When I am very old and fall sick, I want you to take care of me. If I seem wizened and disoriented, there is something I want you to know.
When I was the seven year-old in the photo, my dear childhood friend Jill Bloksgaard (nee Rutkin – a friend to this day) and I would cast a spell on our Schwinn bicycles that transformed them into horses. Draping a rope across the handle bars, we would mount our animals and shout "Giddyap" just like Hopalong Cassidy and the other cowboys who roamed the range of our 10" black and white television screens.
After rounding the block a couple times, slapping our legs all the way as if they were horse's flanks, we would pull up at a neighbor's lawn, tie our horses to a palm tree, spread out gray blankets and light an imaginary fire. All along, we kept a close eye out for marauding bad guys. Periodically spotting one, we would blast away with our silver-barreled cap guns until all opponents were eliminated.

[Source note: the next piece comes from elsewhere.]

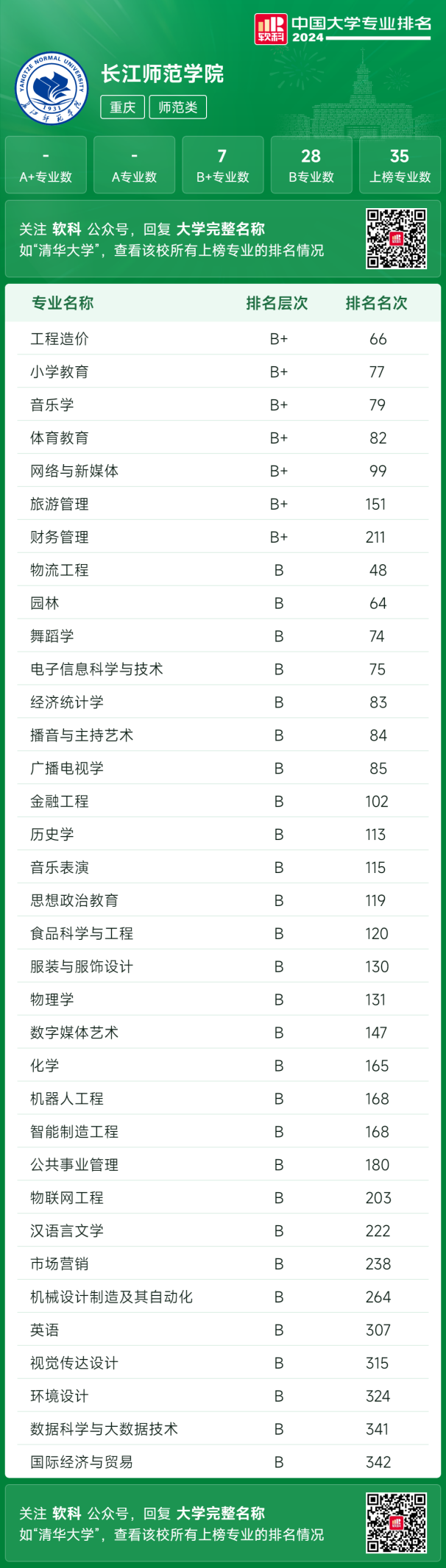近日,高等教育评价专业机构软科发布了“2024软科中国大学专业排名”,伟德国际1949工程造价专业上榜B+类专业,排名66。继2023年上榜B+类专业,排名83名,今年持续保持B+类专业且排名持续上升。

The danger thrwarted, we would say, "We better turn in for the night." Lying down beneath the California sun, we would pretend to sleep – sometimes for as long as thirty seconds.
Who could sleep when cattle rustlers lurked nearby? We needed to be sure our cap guns were loaded.
We needed to have as much fun as possible. And we did.
If you were my caregiver, I would want you to know about the seven year-old cowboy and some of the other roles I have played – anything that you would help you understand that I am more than my troubled body.
Inside every elderly patient (strangely and frequently described by caregivers as little as in, "That little old man") are the thousands of stories that make up that patient's life.
Obviously, the elderly are so much more than the wrinkled bodies whose legs may not work and whose ears may have trouble making out our words. When we imagine the stories each person has within – their troubles and joys – we are so much more likely to treat them with love and respect.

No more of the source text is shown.